Recorded data:
§ §

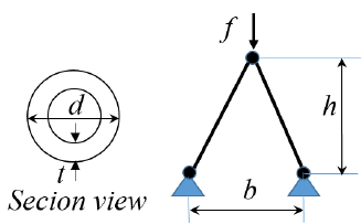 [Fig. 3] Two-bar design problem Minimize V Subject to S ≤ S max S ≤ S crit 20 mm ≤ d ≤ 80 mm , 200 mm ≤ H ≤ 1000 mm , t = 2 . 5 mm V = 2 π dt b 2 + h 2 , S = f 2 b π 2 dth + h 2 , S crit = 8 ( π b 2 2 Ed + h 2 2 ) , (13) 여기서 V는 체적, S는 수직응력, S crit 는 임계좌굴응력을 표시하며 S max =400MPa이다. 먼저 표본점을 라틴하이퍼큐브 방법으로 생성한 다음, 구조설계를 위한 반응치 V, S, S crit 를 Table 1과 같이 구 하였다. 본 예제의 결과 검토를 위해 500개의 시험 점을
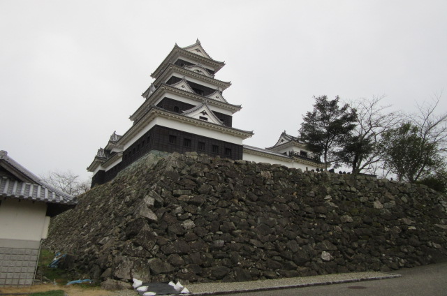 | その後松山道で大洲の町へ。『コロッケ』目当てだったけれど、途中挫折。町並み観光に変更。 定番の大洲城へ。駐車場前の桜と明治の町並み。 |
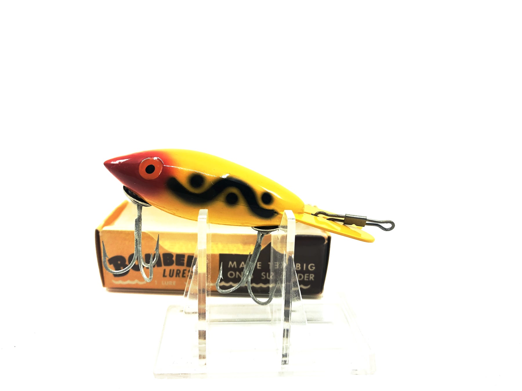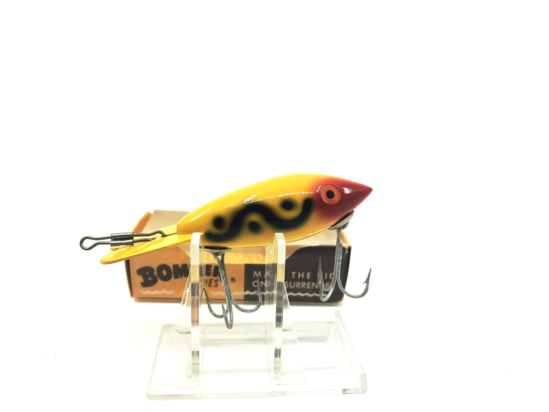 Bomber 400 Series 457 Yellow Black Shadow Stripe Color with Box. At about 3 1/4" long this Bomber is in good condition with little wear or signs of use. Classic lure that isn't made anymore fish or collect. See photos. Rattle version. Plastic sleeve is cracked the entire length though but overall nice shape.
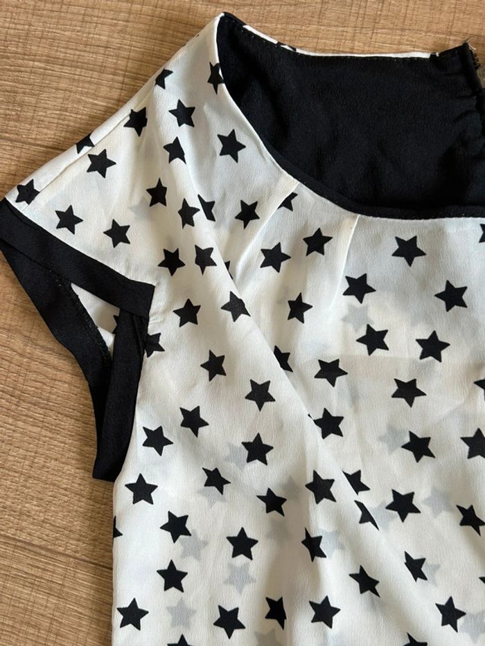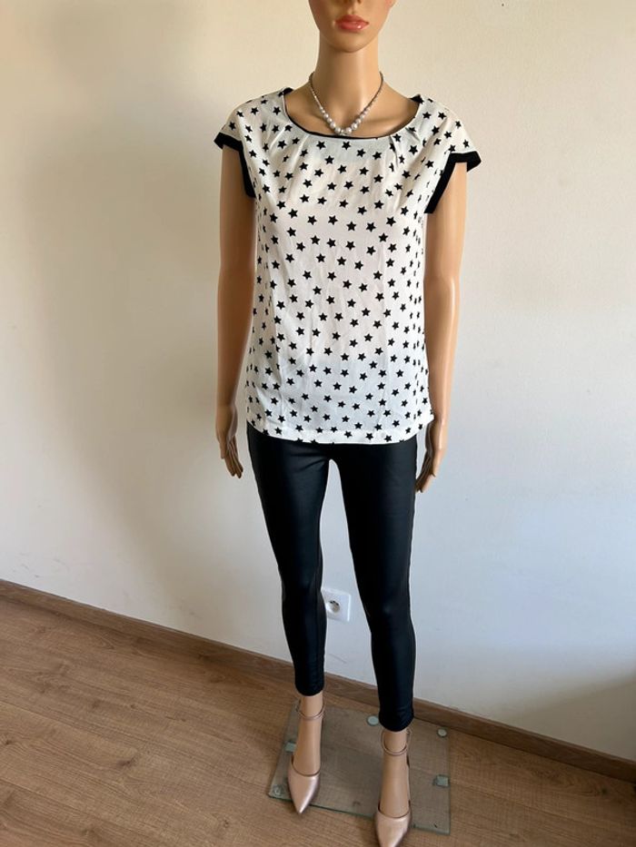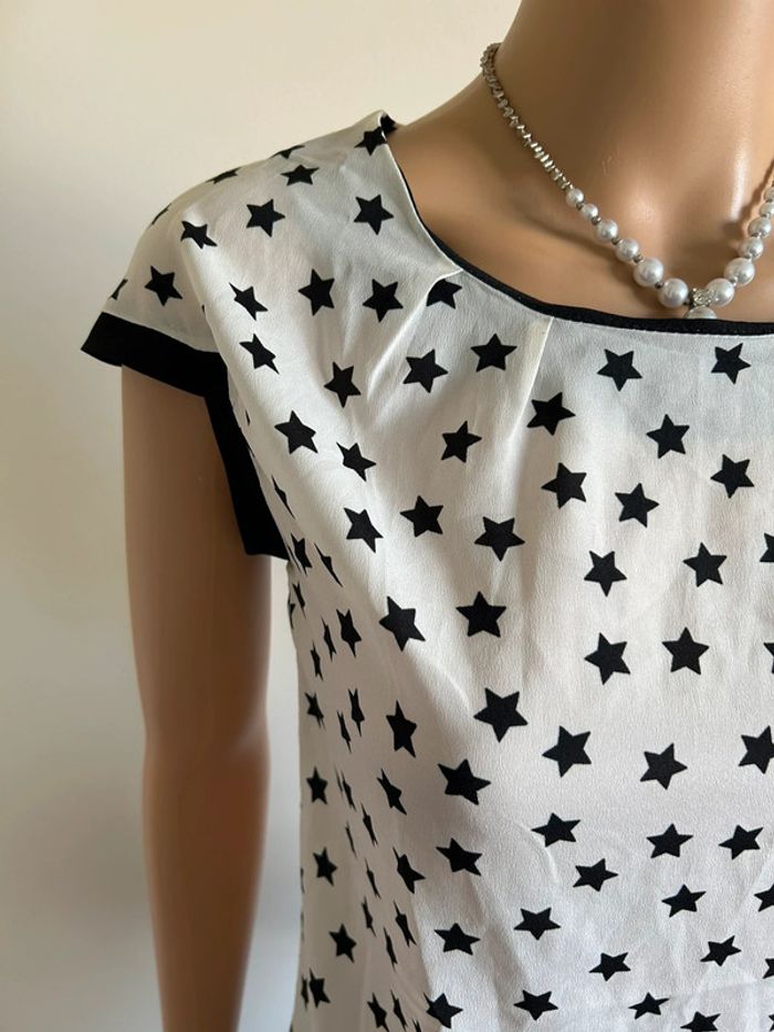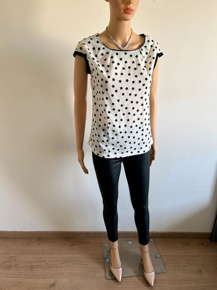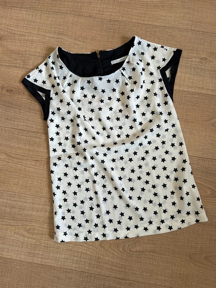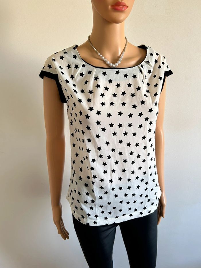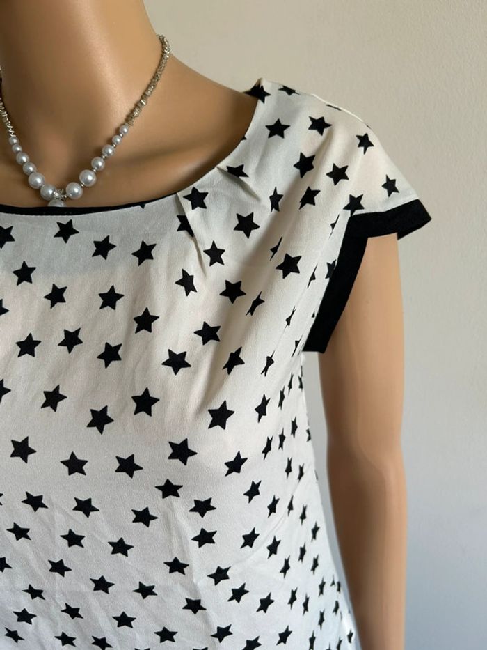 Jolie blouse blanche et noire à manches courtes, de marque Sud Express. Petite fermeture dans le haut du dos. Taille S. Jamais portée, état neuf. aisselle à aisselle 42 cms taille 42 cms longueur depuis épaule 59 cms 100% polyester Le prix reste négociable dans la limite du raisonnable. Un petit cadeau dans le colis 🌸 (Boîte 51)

§ §

Assignment: The required output is the span of lines from the line with "Bomber 400 Series" through the final line of the listing above, reproduced exactly, minus the pictures.

Written reply:
 Bomber 400 Series 457 Yellow Black Shadow Stripe Color with Box. At about 3 1/4" long this Bomber is in good condition with little wear or signs of use. Classic lure that isn't made anymore fish or collect. See photos. Rattle version. Plastic sleeve is cracked the entire length though but overall nice shape.
 Jolie blouse blanche et noire à manches courtes, de marque Sud Express. Petite fermeture dans le haut du dos. Taille S. Jamais portée, état neuf. aisselle à aisselle 42 cms taille 42 cms longueur depuis épaule 59 cms 100% polyester Le prix reste négociable dans la limite du raisonnable. Un petit cadeau dans le colis 🌸 (Boîte 51)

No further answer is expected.